Chances are you paid about $10 for your website’s domain name. Perhaps you paid a bit more for something other than a .COM domain. But can you imagine paying over $1 million for a domain? A handful of companies have paid this much to land the ideal domain name for their business.

Just this year, deals were finalized (or made public) for Christmas.com at $3.5 million, Hippo.com for $3.3 million, and Marketing.com for $2.5 million.

These are staggering amounts of money for domains that renew for about ten bucks a year. But each of the buyers believes it was worth the added expense. Let’s take a look at why these companies saw value in purchasing a premium domain.

The value of great domains

You’ve probably heard “all the good domain names are taken.” While many people will disagree about the definition of “good,” it’s fair to say that all of the good one-word .COM domain names are registered. So if you want to acquire one of these domains you’re going to need to buy it from someone, and they’re likely going to ask for a lot of money.

One-word domain names bring a lot of benefits.

A big benefit is the instant credibility that a short, valuable, one-word domain name gives to a business. Would you feel more comfortable buying Christmas goods at Christmas.com or JimmysChristmasShopOnline.com? 

This is even more important for certain categories of goods and services, such as finance. Hippo is a home insurance company with a funny name. But using a short, one-word domain name gives customers confidence that it’s a serious company. (Especially if they learn how much the company paid for the domain!)

Another benefit is that good domain names are easier to remember. This helps with word-of-mouth referrals. Consumers who hear about a company are more likely to remember the domain later when they are in front of their computer or mobile phone. And many of them will default to typing .COM at the end, so it’s usually a better choice than a less expensive domain ending in a different extension.

Speaking of mobile phones, great domains are usually short and easier to type. As the world goes mobile, shorter domains are better. This might be part of the reason that TransferWise decided to rebrand as Wise and acquire Wise.com for $2 million.

stack of gold coins with growth chart

Why now?

These days it seems like people are paying more than ever for good domain names. There are many possible reasons for this.

First, venture capital money is flowing. Companies with a good idea and a strong founding team are raising lots of money fast. 

While we don’t know exactly how much Cart.com paid for its domain, we know that it has raised over $100 million in funding. Forge Global raised more than that before acquiring Forge.com. And Class bought Class.com before announcing its $105 million funding round.

Spending 1% or so of a funding round on a great domain name doesn’t seem like too much.

Another thing that might be driving the market is special purpose acquisition companies (SPACs). These entities are helping companies go public easier than a typical IPO, so many more businesses are doing so. More companies becoming public also makes us aware of how much they’re spending on domains because they report outsized purchases in their SEC filings. For example, this year we learned that mortgage company Better.com paid $1.82 million in 2015 for its namesake domain.

Finally, there’s a lot of cash in consumers’ wallets right now. They’re getting rich on cryptocurrency gains, non-fungible tokens (NFTs), and the stock market. People have become millionaires almost overnight (literally, within weeks or months) and are willing to put some of that money into domain names. 
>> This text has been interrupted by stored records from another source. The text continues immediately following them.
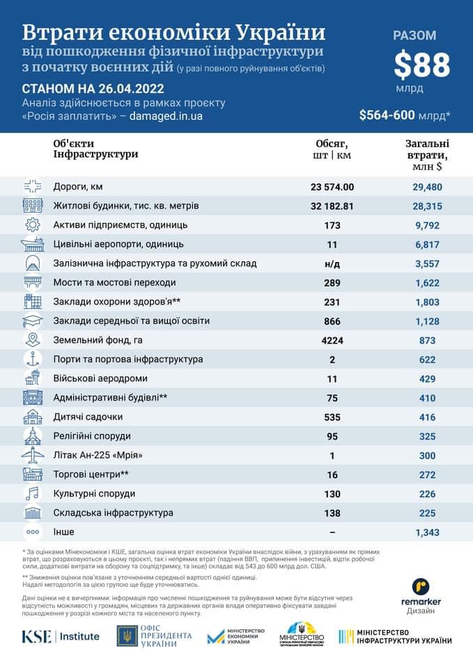 В ходе войны с российскими оккупантами, по состоянию на 26 апреля, прямые потери инфраструктуры Украины достигли более 88 млрд долларов. Общие экономические потери нашей страны достигают 600 млрд долларов.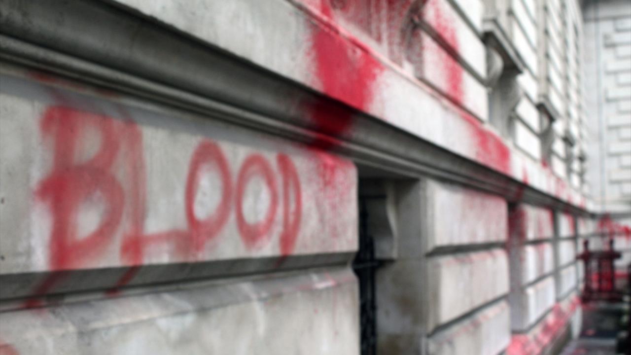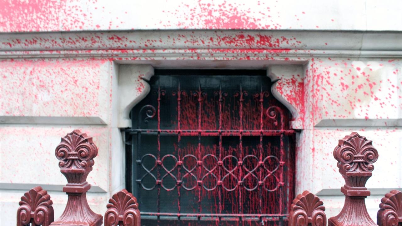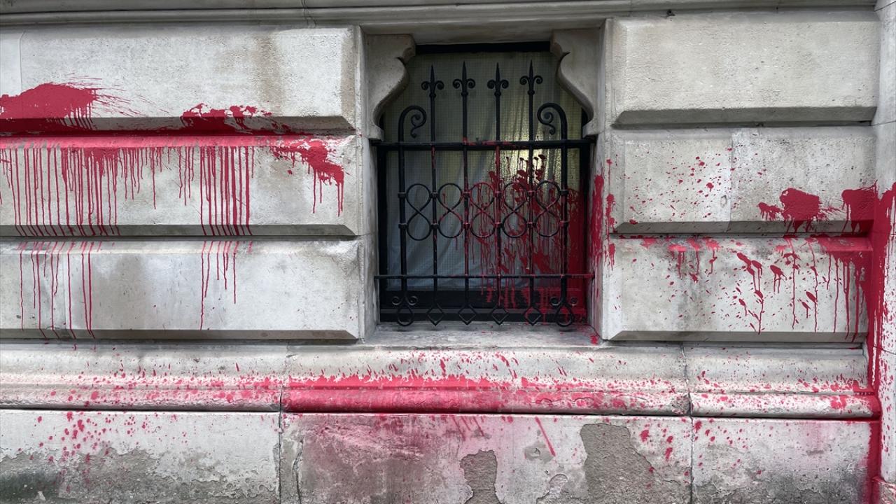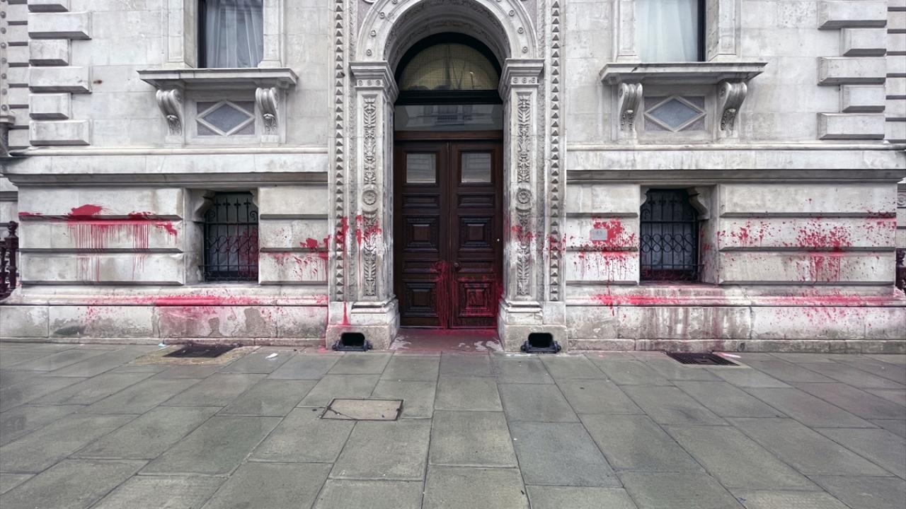 İngiltere'de Filistin destekçisi bir grup, başkent Londra’da Dışişleri Bakanlığı binasının duvarlarına Balfour Deklarasyonu'nun 106. yıldönümü sebebiyle kırmızı boya atarak protesto etti.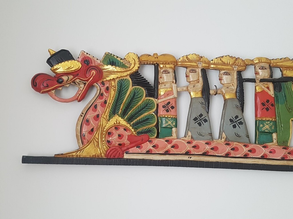 Balinese Dragon Boat Panel Wall Art Wood Carving Indonesian Art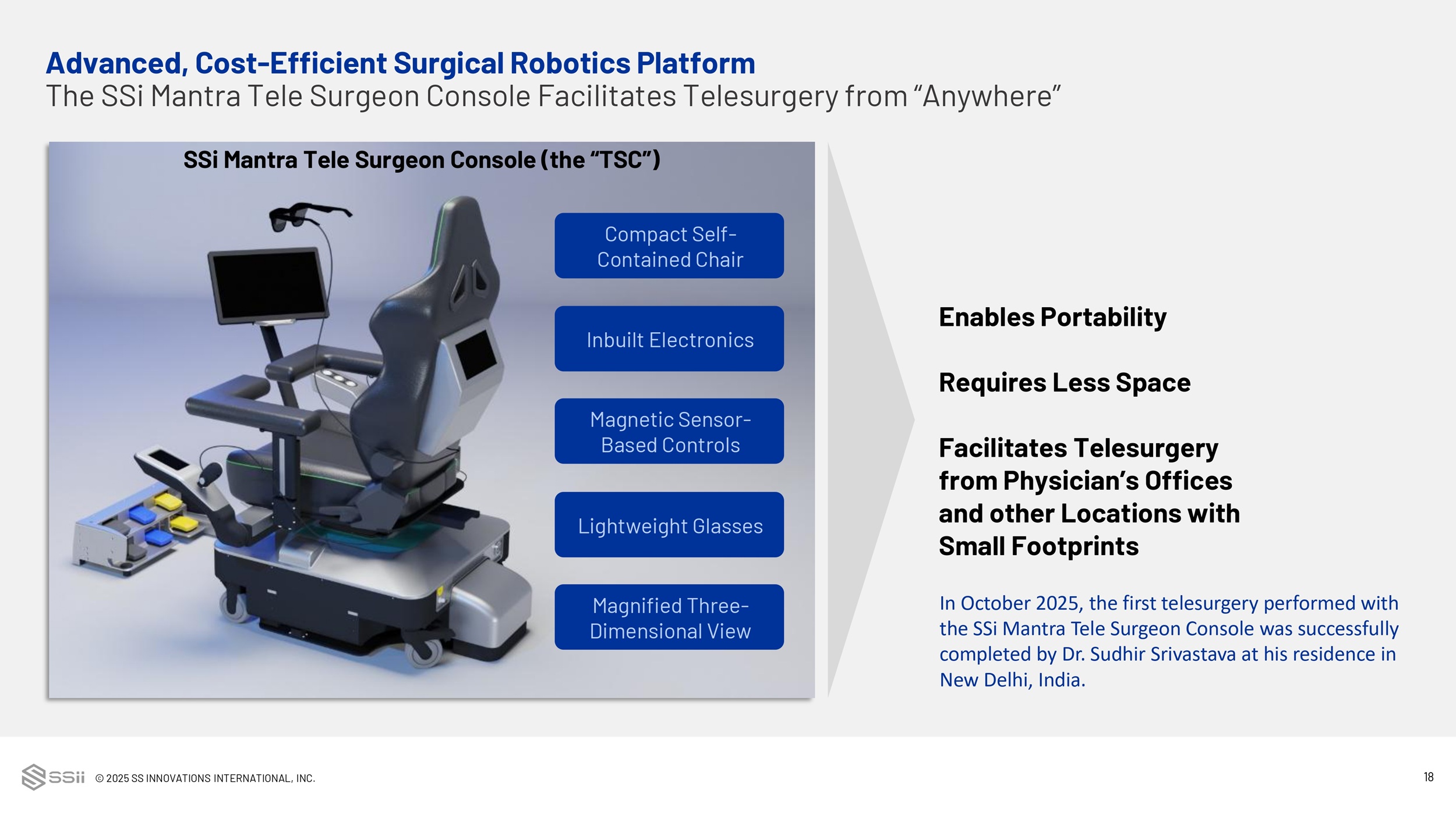 Note: 1 CDSCO approval SSII HQ Gurugram, India Manipal Hospital Jaipur, India 177 miles Feb 2025 SSII HQ Gurugram, India Aster CMI Hospital Bengaluru, India 1,245 miles Mar 2025 IRCAD HQ Strasbourg, France Sri Aurobindo IMS Indore, India 4,000 miles Jul 2025 World’s First Intercontinental Robotic Cardiac Telesurgery © 2025 SS INNOVATIONS INTERNATIONAL, INC. 18 Advanced, Cost - Efficient Surgical Robotics Platform The SSi Mantra Tele Surgeon Console Facilitates Telesurgery from “Anywhere” Compact Self - Contained Chair Inbuilt Electronics Magnetic Sensor - Based Controls Lightweight Glasses Magnified Three - Dimensional View SSi Mantra Tele Surgeon Console (the “TSC”) Enables Portability Requires Less Space Facilitates Telesurgery from Physician’s Offices and other Locations with Small Footprints In October 2025, the first telesurgery performed with the SSi Mantra Tele Surgeon Console was successfully completed by Dr. Sudhir Srivastava at his residence in New Delhi, India.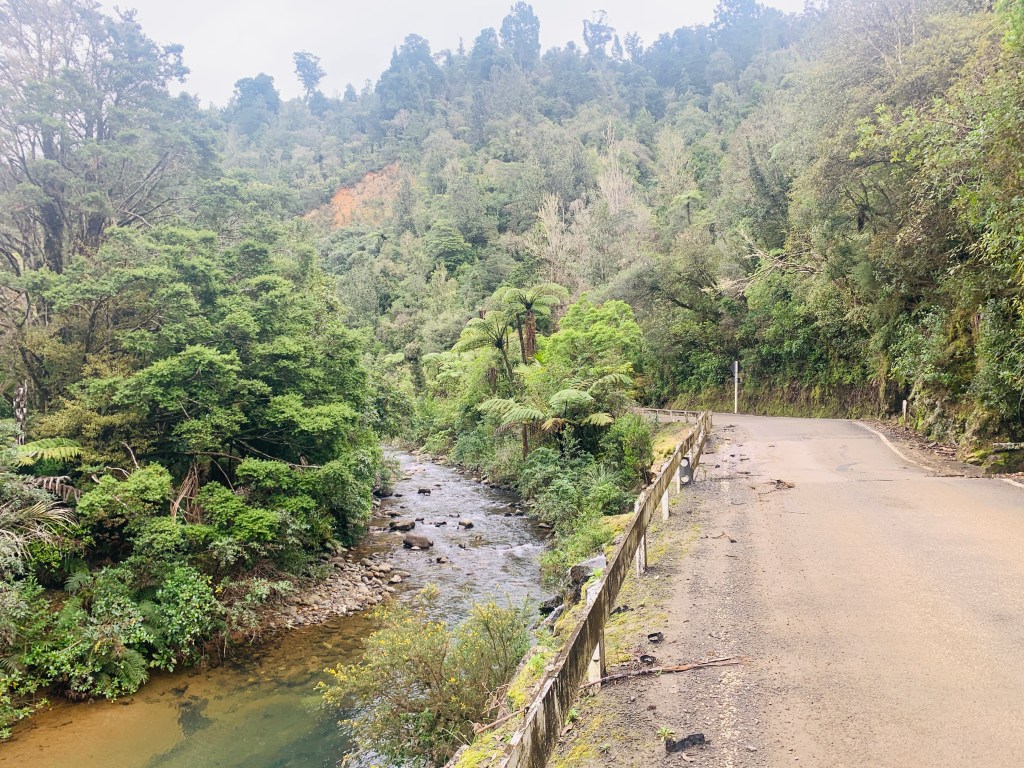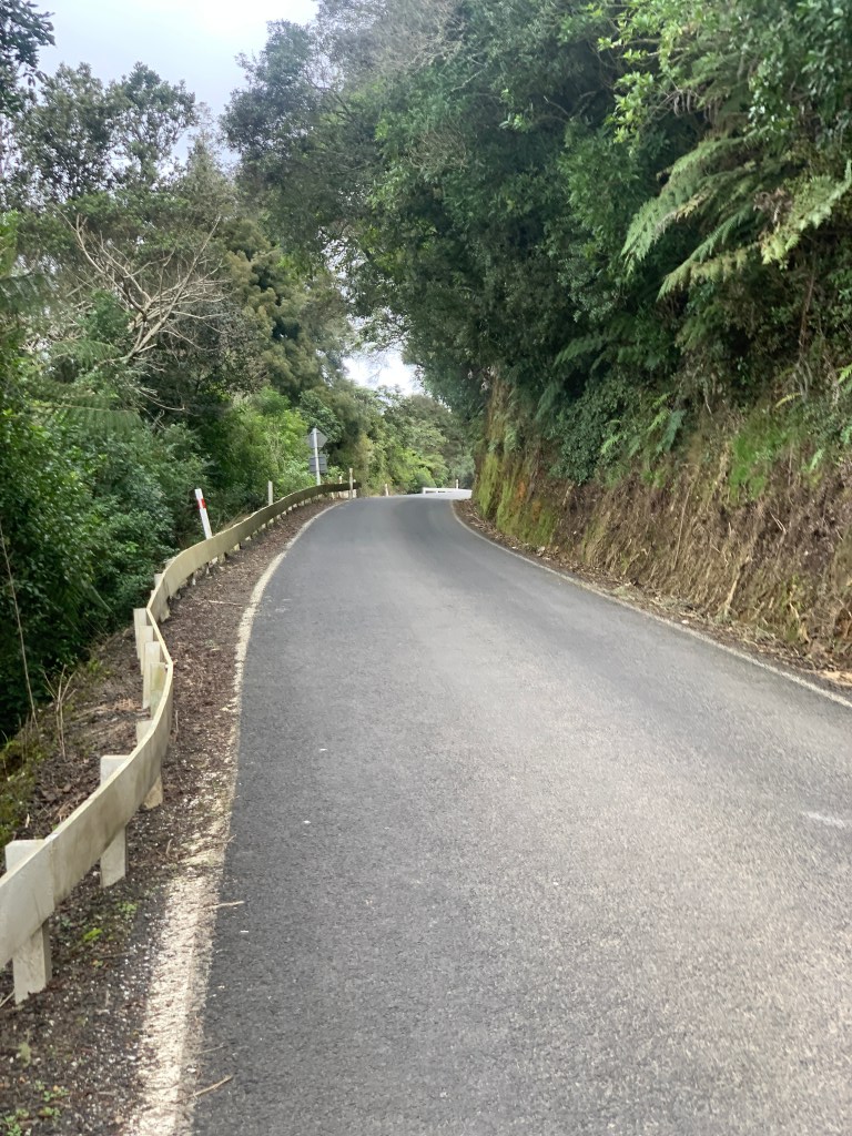 It was about 5 km down the main road to get to Road 309, which was the nice quiet one that cut up over the mountains. It was a bit of a drag, but there was at least a shoulder, so that made it tolerable. I turned off on the 309 road and relaxed. It was a lovely little road that climbed slowly up next to a river. After about 5 km, it turned to gravel. It was pretty dense forest and I just love riding along looking at all the huge tree ferns. I thought to myself “this climb is easy!” which should have been a warning. Just as I thought that, the 10% section kicked up. Oooooph. I should have known.

Million-dollar domains are here to stay

It’s not clear what will happen with venture capital funding over the next five years. Nor can we predict the price of bitcoin in 2025. But the value of easy-to-remember domain names is unlikely to change anytime soon. So you can expect to read more headlines about eye-popping domain name sales in the future.

If you’re looking to purchase a new domain name (perhaps not in the millions of dollars), you can’t go wrong with Namecheap. Check out our domain marketplace today.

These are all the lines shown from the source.